Lorrie Otto, Prairie Queen
At our last Northern Kane County Wild Ones meeting last month, Bret Rappaport presented a program on Lorrie Otto.
Who is Lorrie Otto?
She’s the inspiration for Wild Ones, widely acknowledged as the heart and soul of the natural landscaping movement.
by Carol Chew, Mandy Ploch, and Bret Rappapport
After graduating from the University of Wisconsin, Lorrie married Owen Otto, a psychiatrist, and moved to a suburb, north of Milwaukee, a block from Lake Michigan. A 20 acre ravine was under threat of development and Lorrie led the fight against it and won. It took a decade, but in 1969, The Nature Conservancy took title to the twenty acres. During that time she also led the fight against DDT being sprayed from an airplane in order to rid he area of mosquitoes. In 1967, the state of Wisconsin became the first state in the country to ban DDT.
The house the Otto’s bought came with the typical suburban landscaping: large lawn, and non-native trees and shrubs. They removed the alien plants including the sixty-four Norway Spruce on the property and planted asters, goldenrod, and ferns, not only in the back yard, but the front yard, as well. The village took exception and had the ferns mowed down.
Lorrie sued and won.
And that’s how it began.
“We do not inherit the earth from our ancestors, but rather borrow it from our descendants.” Lorrie Otto’s words aptly summarize her life and legacy. In the last decade, the natural landscaping movement took root and spread from coast to coast.

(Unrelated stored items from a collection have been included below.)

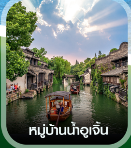
หมู่บ้านน้ำอู๋จิ้น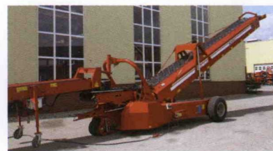
■ Telescópica con sistema Quantum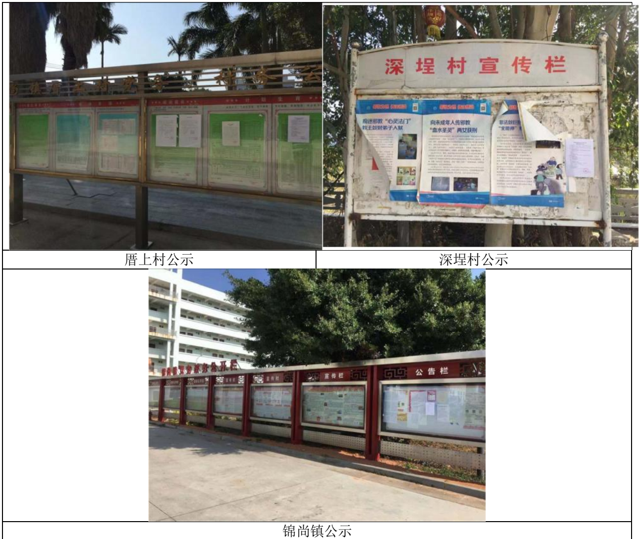
图 3.2-4 征求意见稿现场张贴公示照片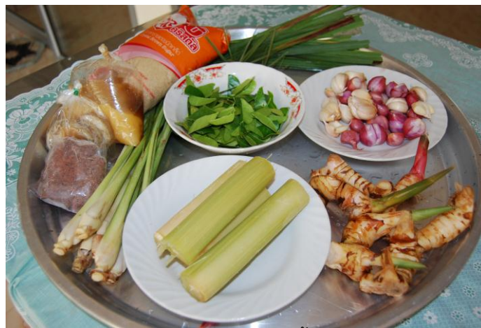
ภาพประกอบที่ 3 วัตถุประสงค์ในการผลิตน้ำบูดูข้าวยา

1) วัตถุประสงค์ ในการผลิต ได้แก่ ปลาหมัก ตะไคร้ ใบมะกรูด มะขามเปียก หอมแดง กระเทียม และข่า วัตถุประสงค์ดังกล่าวหาซื้อในชุมชนและตลาดสด อำเภอหาดใหญ่ ความถี่ใน การจัดซื้อ 1 - 2 ครั้งต่อเดือน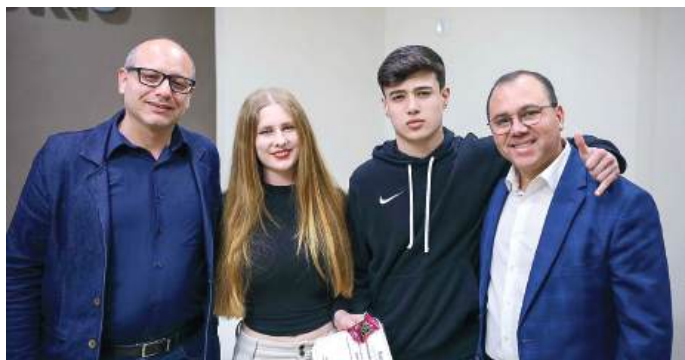
CONQUISTAS: destaque entre os colegas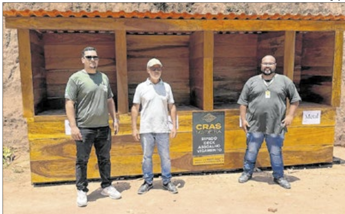
A iniciativa é conduzida de forma totalmente independente e sem fins lucrativos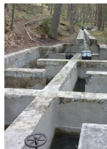
Decantador del Acueducto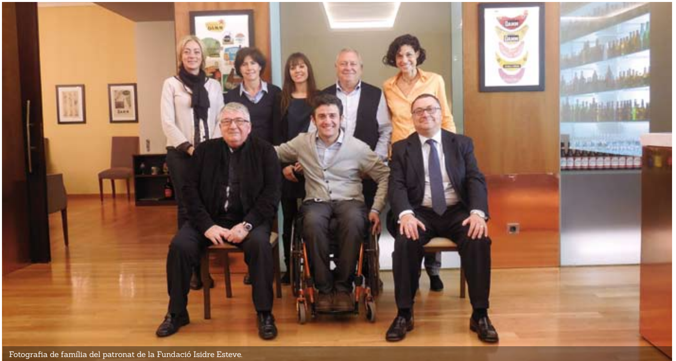
Fotografia de família del patronat de la Fundació Isidre Esteve.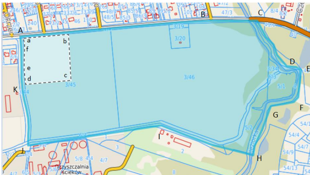
Rysunek nr 2 - Schemat lokalizacji granic opracowania.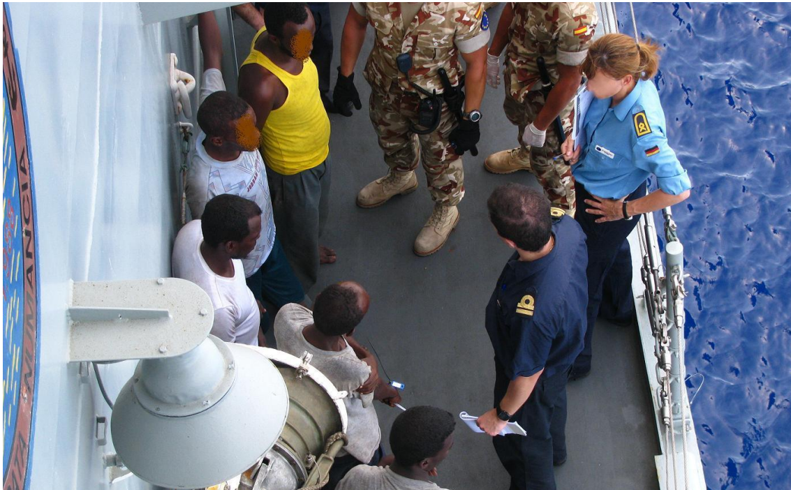
Interrogatorio en el Índico a bordo de la fragata NUMANCIA

En concreto nos referimos a aquellos casos de detenciones efectuadas por un buque de guerra español, en los que por producirse el delito fuera de aguas jurisdiccionales españolas, ser el puerto de arribada también extranjero y poseer tanto los presuntos delincuentes como las víctimas nacionalidad extranjera, no existe otro vínculo con España más que el del pabellón del buque de guerra que efectúa la captura, por lo que pudiera resultar aconsejable la cesión de jurisdicción a favor de los órganos judiciales de otro Estado.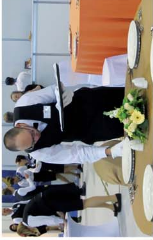
■ Az ország egyik legjobb pincére

Naponta friss hírek a www.repcevidek.hu weboldalon!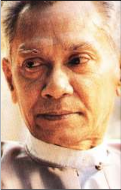
ဆရာ တက္ကသိုလ်ဘုန်းနိုင် (ဒေါ်) ဦးခင်မောင်တင့်

၈၈၈၈ ပြည်သူ့အရေးတော်ပုံကြီးတွင် ဒီမိုကရေစီကို ထောက်ခံသည့်အနေဖြင့် ရန်ကုန်တက္ကသိုလ်ဓမ္မာရုံကြီး၌ မိန့်ခွန်းပြောကြားခဲ့သူ၊ ထိုမိန့်ခွန်းကြောင့် စစ်အုပ်စုက ရန်ညှိုးဖွဲ့၍ ပညာရေးတက္ကသိုလ် ပါမောက္ခချုပ်အဖြစ်မှ နှုတ်ပယ်ခြင်းခံခဲ့ရသူ၊ လှပစွဲနှစ်စွာ အဖွဲ့အနွဲ့များဖြင့် စာဖတ်ပရိသတ်တို့၏ အာရုံကို ဖမ်းစားဆွဲဆောင်နိုင်ခဲ့သူ အမျိုးသားစာပေဆုရ စာရေးစာရာကြီး တက္ကသိုလ်ဘုန်းနိုင်သည် မေလ(၁၀)ရက် သောကြာနေ့ နံနက် (၇း၀၀)နာရီအချိန်တွင် သံလျင်မြို့ရှိ ၎င်း၏နေအိမ်တွင် ကွယ်လွန်သွားပြီဖြစ်ကြောင်း သတင်းရရှိသည်။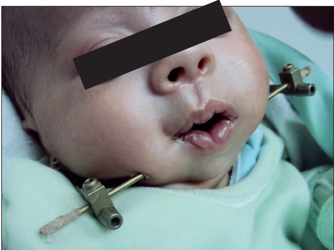
Fig. 4. Distractor colocado. Postoperatorio inmediato y a las 2 semanas que pone en evidencia la distracción.

días siguientes a la interconsulta, previa verificación del estado clínico y evaluación anestésica con una duración promedio de 30 minutos. Las fases de la distracción se cumplieron en todos los pacientes; la activación de 12 días (Fig. 4) y luego la fase de consolidación, se completaron duplicando el tiempo de la fase de activación, siempre sobrecorrigiendo la relación maxila-mandibular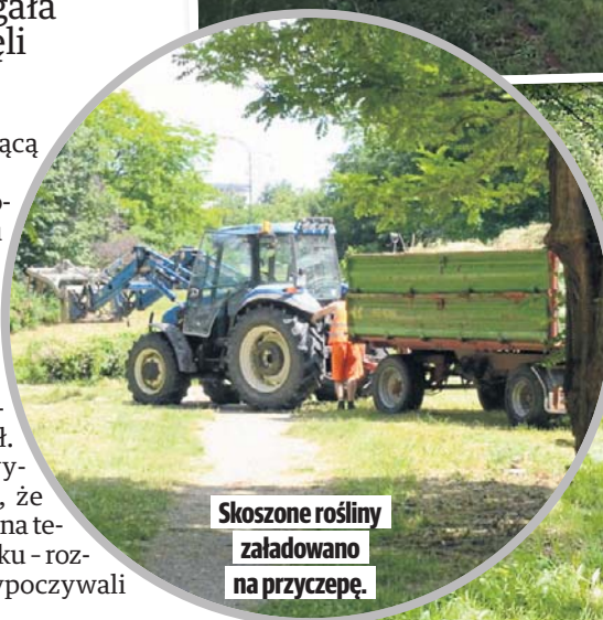
Skoszone rośliny załadowano na przyczepę.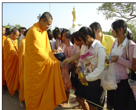
กิจกรรมทำบุญตักบาตรวันปีใหม่ 2550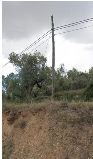
A.3.6. Suport 6: P-78, coordenades X: 339.914 - Y: 4.560.813. Desmuntar riosta ST-2.5 1500 i instal·lar riosta ST-3.0-2000.

Plaça de Catalunya, 1 – 43392 Castellvell del Camp (Tarragona) – Tel. 977 855 008 – Fax 977 855 173 – NIF P43043001 ajuntament@castellvelldelcamp.cat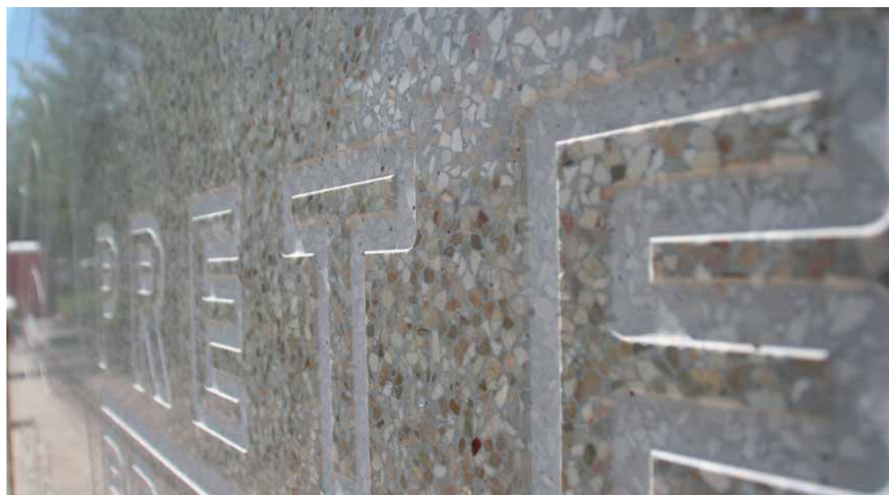
Acabado Especial Pulido sobre Piedra de Río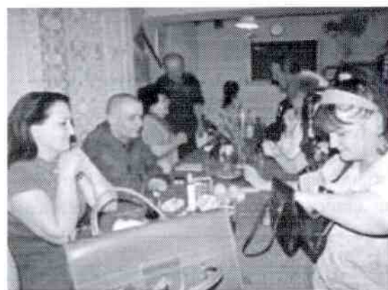
Text a foto Jaroslav Zocher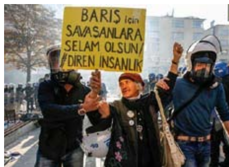
Tak til dem der kæmper for fred!

Det er et forbløffende sceneri, verden er vidne til under den islamistiske terrorgruppe IS' angreb på den kurdiske by Kobane.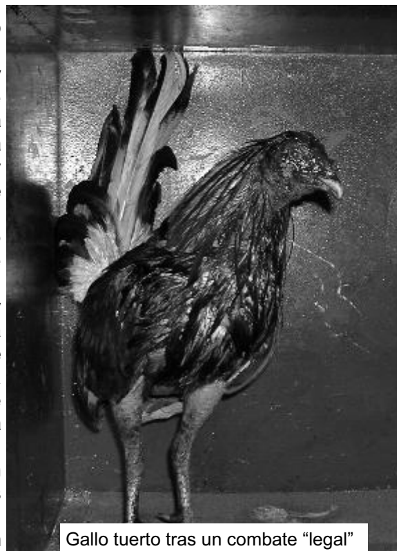
Gallo tuerto tras un combate "legal"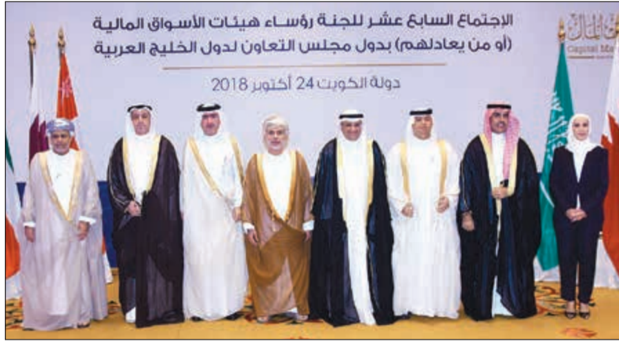
لقطة جماعية لرؤساء هيئات الأسواق المالية بدول مجلس التعاون الخليجي (احمد علي)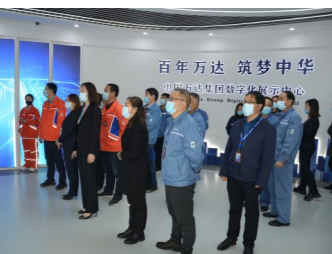
万达数字化企业展厅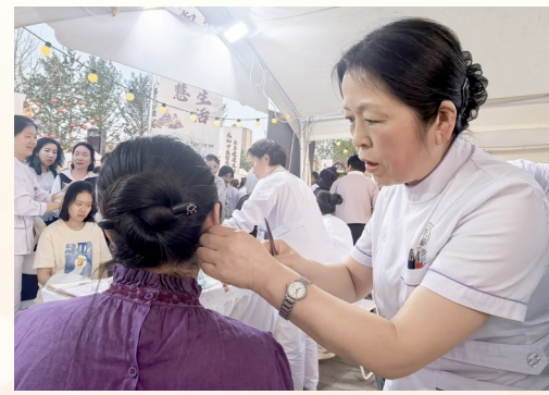
中医药适宜技术受群众欢迎

士、优秀护士长、“豫健护理”先进个人、优秀专科护士、优秀带教老师、优质护理服务先进集体、“豫健护理”先进集体、静脉穿刺能手、中医药护理技能比赛获奖者、中医药护理技术创新比赛获奖者、中医文创比赛获奖者、辨证施膳比赛获奖者，大家在掌声中回望既往、相互激励、倍感振奋。 北京中医药大学东直门医院洛阳医院(洛阳市中医院)全体护士将以先进为标杆，立足护理岗位，精进专业能力，传承护理职业精神，以更加务实的作风，用心守护群众健康，为医院高质量发展贡献护理力量。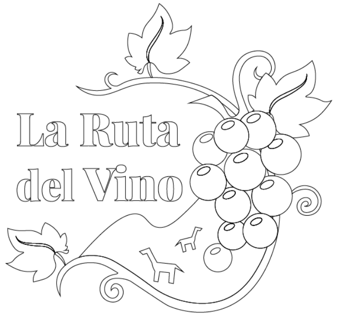
Figura 14: Logos de acuerdo a los bocetos escogidos para realizar un logotipo para "La Ruta del Vino".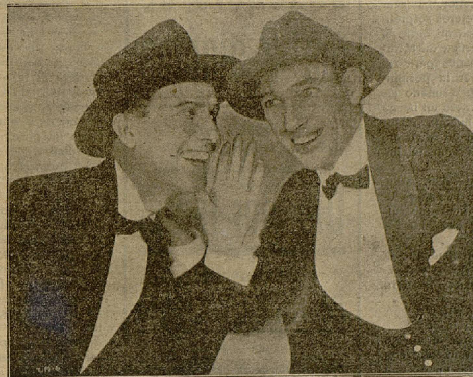
Los aplaudidos cómicos Lians y Moran en «La noche maldita»

Vilaseca y Ledesma. — Se pasaron en prueba «¡Ojo con los papeles!», y los episodios 5, 6, 7 y 8 de la serie «Aventuras de Ruth», que en nada desmerecen de los anteriores.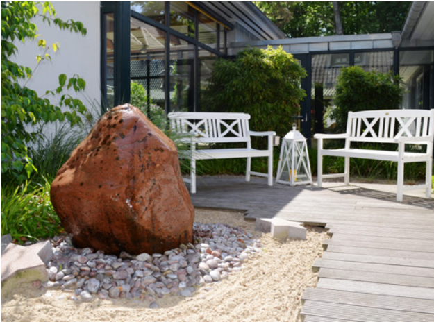
Unser Innenhof im Jugendhospiz

Innenhof Rückzugsmöglichkeiten für die jungen Gäste. Zwei der Räume sind durch interne Treppen mit dem oberen Stockwerk verbunden. Hier sind Appartements entstanden, in die sich die Angehörigen und Freunde zurückziehen können und dabei dennoch in der Nähe der erkrankten jungen Erwachsenen bleiben. Damit auch sie jederzeit zu ihren Angehörigen gelangen können, gibt es im Flur vor den Zimmern einen extra hierfür eingebauten Glasfahrstuhl.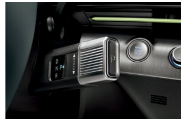
ناقل حركة إلكتروني من نوع العمود (SBW)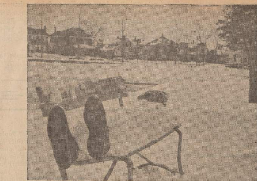
Fotografu išmislas. — Jis padėjo ant apsnigusio suolo batus ir kepurę Fort Wayne, Ind., parke, primindamas "bumams", kad gulėti parkuose dar pavojinga, nors pagal kalendorių pavasaris jau prasidėjo.

Sovietai neišpasakytai giriasi tariamai gausiomis statybomis Lietuvoje, bet žmonės kritiškai įvertina jų propagandą. Būtų tačiau netiesia tvirtinti, kad statybų inžinieriai ir architektai nesidžiaugtų savuoju kūriniu, kad žmogus nesidžiaugtų gavęs naują butą, ar, nors tik kambarį. Bet lietuvis ten nelinkęs toms statyboms priduoti kokią tai išskirtiną sovietinės sistemos laimėjimą. Viena, netinka tas pats lyginimo matas šiandien su laikais buvusiais prieš 23, prieš 46 ar ir šimtą metų, kaip sovietai kad, be skirtumo, daro. Ne tas technikos amžius, ne tie turi būti ir statybų tempai. O dėl sovietinių statybų kokybės tai jau tikrai dalykai blogi. Be to, niekas neturi pagundos tvirtinti, kad per tuos 23 metus Lietuvai esant nepriklausomai, statybos Lietuvoje būtų buvusios mažesnės. Anaipolt, Vakarų Europos ekonominė pažanga tvirtina kaip tik atvirkščiai. Pavergtos Lietuvos metų grandinė savo skai-

Lorrie Otto planted the seeds of the movement.
I took most of my information from the following article:read further about Lorrie:
In 1997, after hearing a lecture by Lorrie, a group of 9 women in Milwaukee began meeting monthly to discuss native plants and natural landscaping. Calling themselves the Wild Ones, they formed the first chapter; there are now 56 chapters, nation wide. They are mostly in the Midwest: Illinois, Wisconsin, Minnesota, and Michigan; but there are chapters as far east as Connecticut and California in the west.
June Keibler, Trish Beckjord, and I started Northern Kane County Wild Ones in the fall of 2009; we now have 96 members and still growing.
Wild Ones promotes environmentally sound landscaping practices to preserve biodiversity through preservation, restoration and establishment of native plant communities. Wild Ones is a national not-for-profit environmental education and advocacy organization.
Wild Ones continues to lead the natural landscaping movement as we explore, teach, and change the practice of gardening in our communities and around the country to using native plants.
I moved into my Sears bungalow in the fall of 1997. Having learned about native plants for the past few years, I decided to create gardens using only plants indigenous to my area. I have, however, what most of you don’t. My bungalow was built in 1927–builders did not remove the topsoil in those days and I have deep mesic prairie soil–not clay as newer houses have. I began my first garden the following spring, starting with the front entry walk and the sidewalk.
Front sidewalk on south side of my house in early July. Butterfly Weed, Wild Quinine, Prairie Coreopsis, Wild Petunia, Prairie Dropseed.
My west side yard in late July–Purple Coneflower, Showy Black-eyed Susan, Rosin Weed, False Sunflower, Cup Plant, Blazing Star, and Joe Pye Weed in bloom, plus Prairie Dropseed and Big Bluestem.
My south-facing front parkway in September with Aromatic Aster, Prairie Baby’s Breath, Showy Black-eyed Susan, Prairie Dropseed.
My west-facing side yard in October. New England Aster, Smooth Blue Aster, Prairie Dropseed.
Thank you Lorrie Otto.
Only a small portion of our land can ever be publicly owned. As more and more open areas are developed and are turned into subdivisions, what the homeowner plants becomes ever more significant. The use of prairie plants to create prairie, savanna, and wetland gardens in ordinary neighborhoods and subdivisions of city, town, and suburbia will eliminate the use of fertilizers, pesticides, herbicides, and supplemental watering, and vastly reduce the use of gasoline powered lawn and garden tools. Our planet will be healthier and so will we. While what we do in our own yards may seem trivial, it may eventually be the most consequential of all.
Horticulture and gardening for the last two centuries have been about the subjugation of nature. We are learning to garden with nature. It costs less to live with nature than to be locked in a constant battle with her—a battle that cannot be won since a short-term victory surely hasten our demise.